Wednesday, May 20, 2015

Can Telecommuting be a Reasonable Accommodation to a Disability?

More and more, companies are allowing employees to work from home. Proponents of telecommuting (employers and employees alike) argue that telecommuting can cut costs, reduce turnover and actually increase productivity. Many opponents of the popular telecommuting movement insist that a team with members scattered about can't collaborate as effectively and efficiently when they're not physically located in the same office environment. In some cases, however, regardless of management’s general preferences, telecommuting may be a reasonable accommodation to a disability depending on the facts of the situation and the job’s requirements.

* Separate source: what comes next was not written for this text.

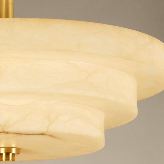 The Pershore Alabaster Semi Flush Ceiling Light is a refined lighting fixture inspired by 1930s Art Deco aesthetics. Its large-scale design features a hand-finished, stepped alabaster bowl that elegantly diffuses light, complemented by a round finial and ceiling plate. Crafted from solid cast brass and fine Italian alabaster, this ceiling light combines timeless design with exceptional craftsmanship.
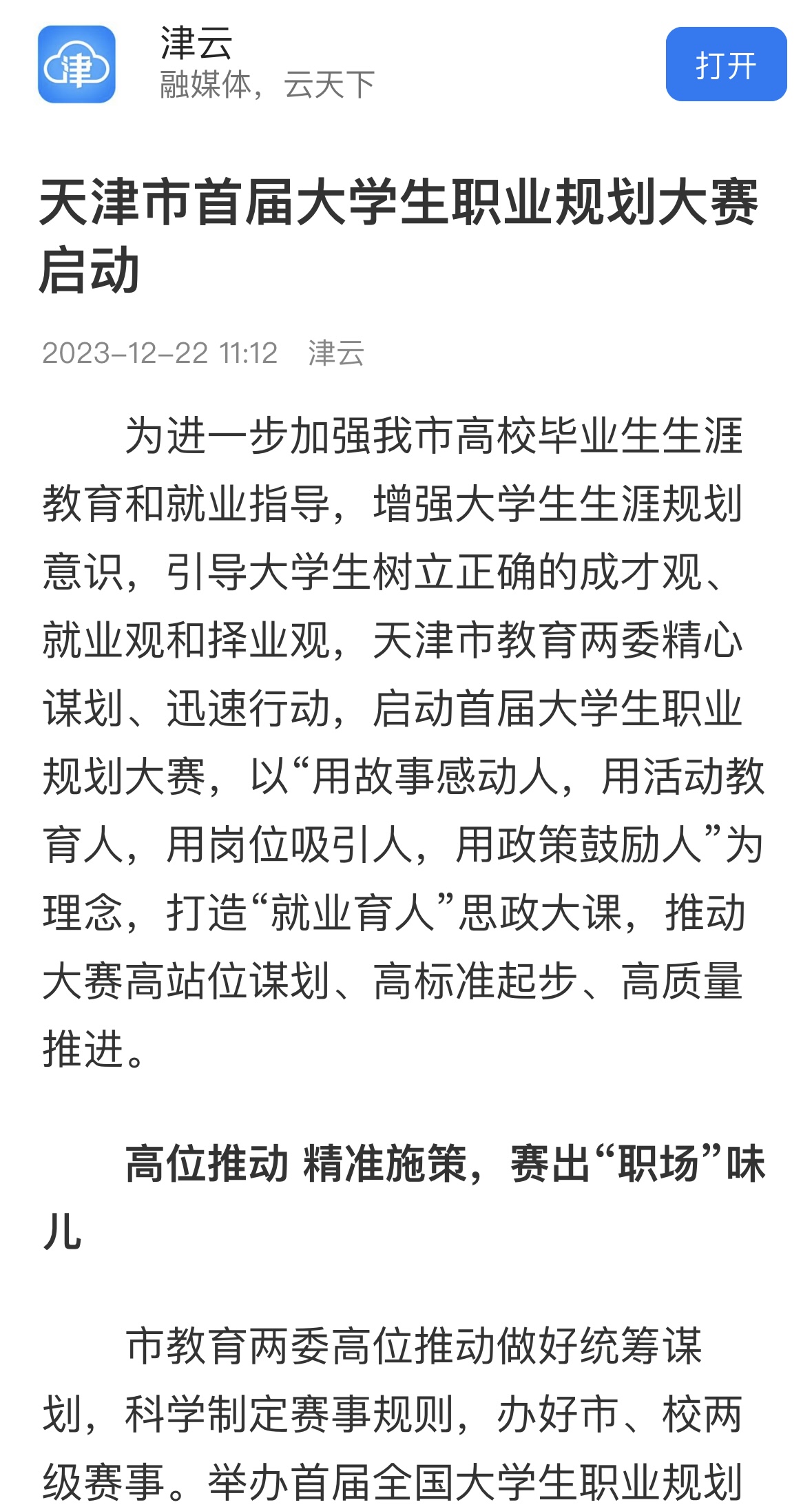 媒體關(guān)注 | 【津云】天津市首屆大學(xué)生職業(yè)規(guī)劃大賽啟動(dòng)

If an employee has a disability, as defined by the federal Americans with Disabilities Act, the employer needs to make reasonable accommodations to the employee so that person can perform the essential functions of the position.

To be qualified for the job, the employee must be able to perform the essential functions of the job with or without a reasonable accommodation. An employer need not provide an accommodation that imposes an undue hardship on running the operation.

Reasonable accommodation disputes are driven by the facts of the particular case. Telecommuting may be a reasonable accommodation to one person holding a particular job working for one employer, but it might not be reasonable for a different job for another employer.

In a recent case in the U.S. Court of Appeals for the Sixth Circuit, EEOC v. Ford, the appeals court ruled in favor of the employer and stated that for Jane Harris, an employee seeking an accommodation due to her irritable bowel syndrome, telecommuting was not a reasonable accommodation. The court agreed with the trial court and dismissed the case.

Harris worked as a resale buyer for Ford (she was an intermediary between suppliers and her company) and the court found that the work not only consisted of communications by phone and email, but personal interactions through meetings with suppliers at their sites and Ford employees at Ford sites. This personal interaction was found to be an essential function of the job, one she could not perform if she only worked at home.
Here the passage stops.